In recent years, there has been an explosion of work demonstrating the various transcriptional and epigenetic regulatory proteins involved in the development of exhaustion as well as in the maintenance of this exhausted progenitor population, recently summarized by Lugli et al. (in (61)). Here, we will discuss some of the recent investigations of a key TF associated with the development of T cell exhaustion.

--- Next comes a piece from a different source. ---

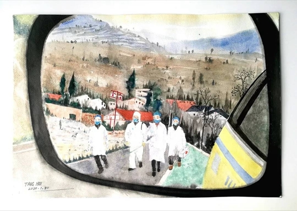 此外,依托成都画院众多的画家创作资源,“艺笔抗疫·共克时艰——成都画院艺术家主题创作网络展”也在微信号上“抢鲜”推出,成都艺术家们新创作的抗疫题材作品第一时间进入观众视野。展出的作品包含中国画、油画、水彩、宣传画、漫画等多种艺术形式。诙谐有趣的《抗击病毒,非我莫鼠》、温情满满的《爸爸 等您回家》、紧张有序的《雷神山施工写生》等作品,在凸显了画家们发挥美术作品文艺轻骑兵作用的同时,更表达出他们以手中的画笔讴歌真英雄,为抗击疫情贡献力量的热情。
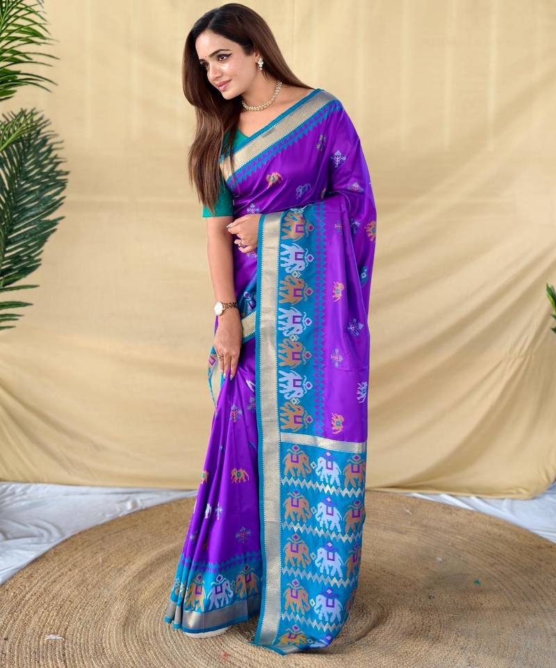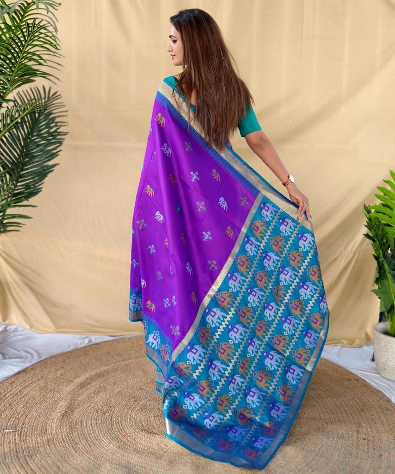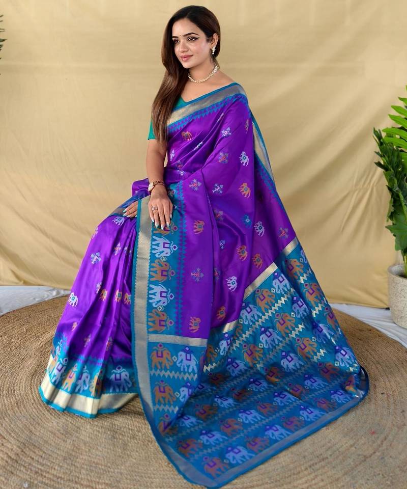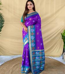 Purple art silk woven saree

Through a series of experiments that involved analysis of gene expression profiles, TOX has been identified as a potential mediator of T cell exhaustion. Notably it was observed during chronic LCMV infection that TOX is highly expressed in exhausted T cells whereas this was not observed in T cells during acute infection (62–64). Importantly, in both chronic LCMV and in tumor models, modulation of TOX resulted in a reduction in or failure to upregulate certain inhibitory receptors expression on antigen-specific T cells (62–64). In line with this, we found that the Tox locus remains methylated in acute infection, however, in chronic infection the Tox locus becomes unmethylated and this unmethylated state was retained even after 8 weeks post-infection (62). Taken together, TOX regulation is critical in the formation and survival of exhausted CD8+ T cells (62,64), however, TOX activity is likely context dependent as it has also been demonstrated to be involved in other processes (63).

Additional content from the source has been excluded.